Planned Parenthood won another lawsuit in their fight to protect a woman’s right to control her own body.
Planned Parenthood won a major victory today in its ongoing court battle against South Dakota’s so-called “informed consent” law, which seeks to compel doctors to deliver ideological and medically inaccurate statements to their patients.
The South Dakota law – H.B. 1166, which was enacted in 2005 and challenged in court by Planned Parenthood – requires a doctor to tell a woman who is seeking an abortion that she faces an “increased risk of suicide ideation and suicide.”

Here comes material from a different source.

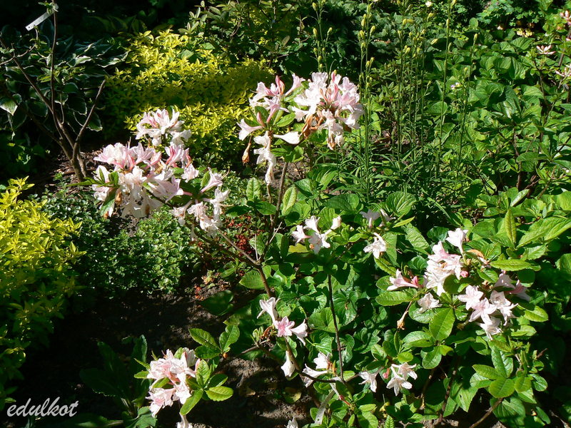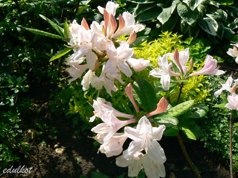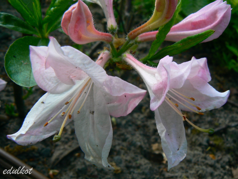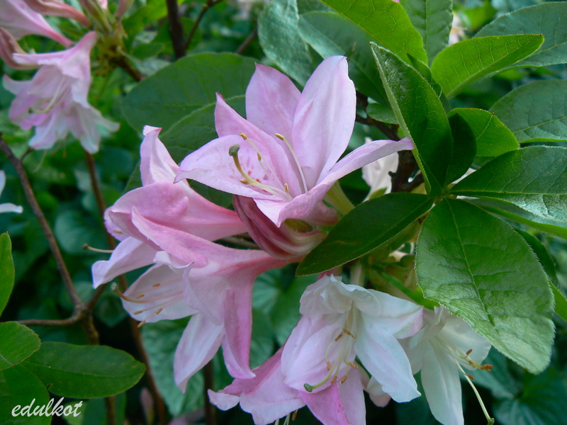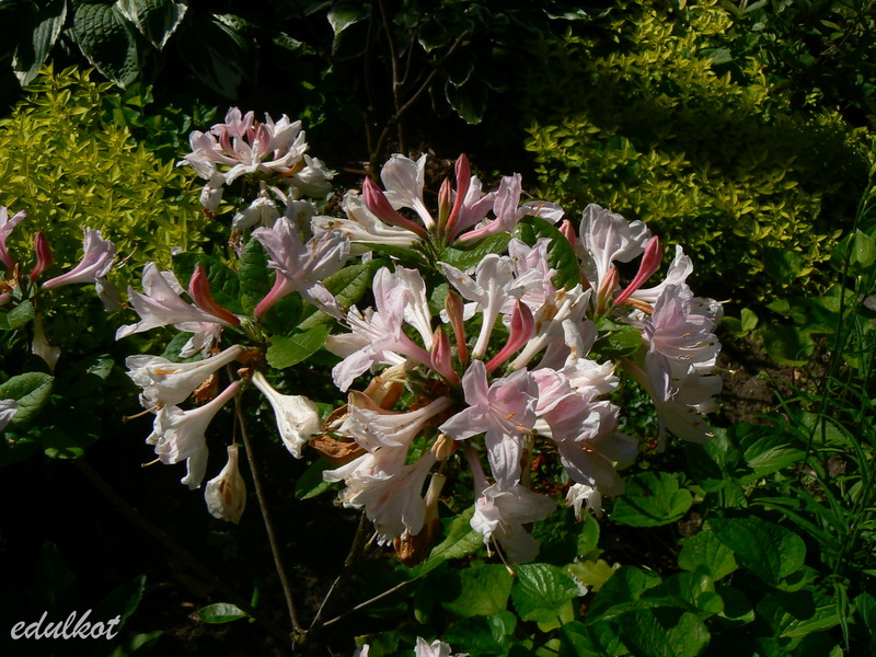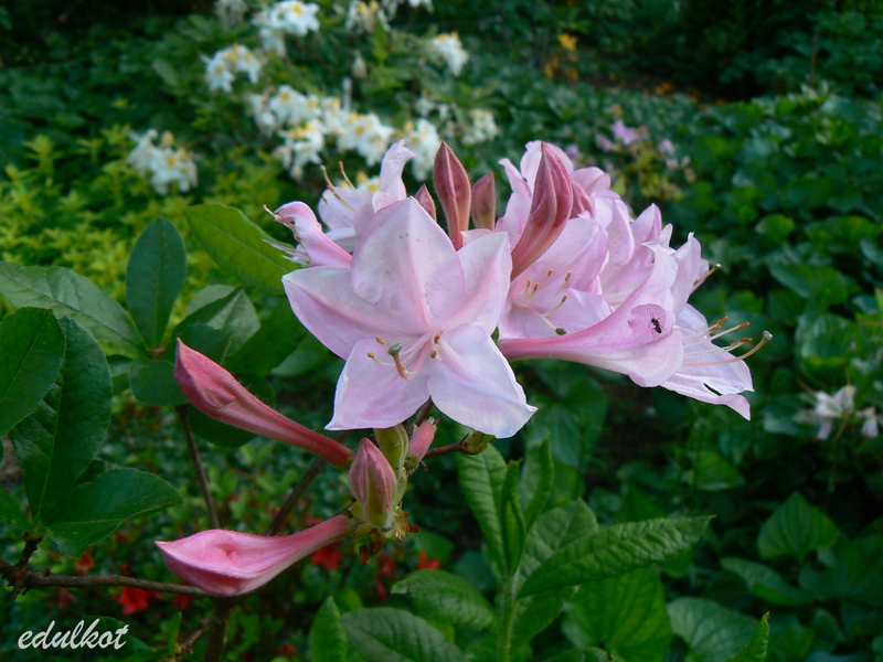 Kwiaty: w pąku różowe, po rozwinięciu bladoróżowe ze słabo zaznaczonymi, ciemnoróżowymi cętkami na górnym płatku... lejkowate... średnica pojedynczego kwiatu około 4,5 cm... zebrane po 6-8 sztuk w wierzchołkowe kwiatostany

“As the major medical organizations have found, and as the court agreed today, the scientific and medical evidence shows that women who choose abortion are not at increased risk for mental health problems,” said Sarah Stoesz, president and CEO of Planned Parenthood Minnesota, North Dakota, South Dakota. “This law just one of many reprehensible barriers that South Dakota lawmakers have attempted to place between women and their access to safe, legal, reproductive health care.”
The use of false medical arguments has been the backbone of anti-choice groups push to limit women’s rights. In Minnesota, MCCL pushed fake medicine in their effort to pass multiple laws blocking access to abortion services. Unfortunately, the vast majority of legislators have no medical or scientific background and swallowed their misconstrued science. Thankfully, Governor Dayton vetoed these bills.